De rechtbank Zeeland-West-Brabant heeft bepaald dat een directeur-grootaandeelhouder (DGA) zijn pensioenuitkering niet tot het gebruikelijk loon mag rekenen. Dit is bepaald in een geschil tussen de DGA en de Inspecteur.
Een DGA verricht via de BV advieswerkzaamheden waarvoor hij een beloning ontvangt. In 2011 werd de DGA 65 jaar, waarna zijn beloning met 30.000 euro omlaag ging. Tevens ontvangt hij vanaf april 2011 een pensioenuitkering van de BV.

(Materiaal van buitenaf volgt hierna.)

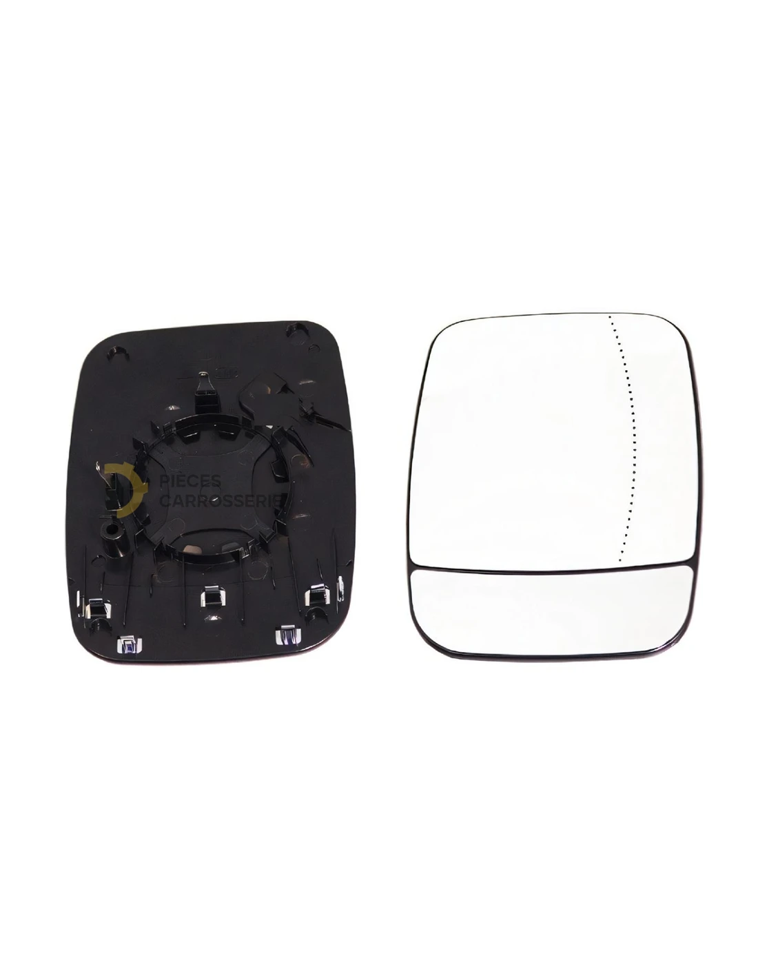 Techniquement, cette glace support se présente comme un élément robuste et précis, spécifiquement conçu pour la structure du rétroviseur droit du Renault Trafic III. Elle remplace efficacement la surface réfléchissante tout en offrant une résistance accrue aux vibrations et aux chocs fréquents sur la route. Ce vitrage est compatible avec les mécanismes d’origine, sans affecter ni la motorisation ni la commande électrique du rétroviseur. Son design respecte strictement les dimensions et les contraintes imposées par les phases 1 et 2 du Trafic III, assurant ainsi une parfaite harmonie avec le cadre d’origine et une visibilité optimale pour le conducteur.

De DGA gaf hierna in zijn aangiften 30.000 euro minder inkomen op. Na een boekenonderzoek verhoogde de Inspecteur het inkomen met 12.000 euro, na de bepaling dat het gebruikelijk inkomen voor de DGA niet 30.000 maar 42.000 euro is. De vraag was of de verhoging van het inkomen van de DGA uit de BV op grond van artikel 12a Wet LB 1964 terecht is. De DGA vond het namelijk onterecht dat bij de bepaling de ontvangen pensioenuitkering geen onderdeel uitmaakt van het gebruikelijk loon. De rechtbank geeft de Inspecteur gelijk. Naar oordeel van de rechtbank moet er sprake zijn van een relatie tussen de verrichte werkzaamheden en het zakelijk te achten salaris uit de BV. De pensioenuitkering is geen directe vergoeding voor de werkzaamheden van de DGA ten behoeve van de BV en behoort daarom niet tot het gebruikelijke loon, oordeelde de rechtbank.
Bron: ECLI:NL:RBZWB:2016:5659 (Rechtbank Zeeland-West-Brabant December 22, 2016).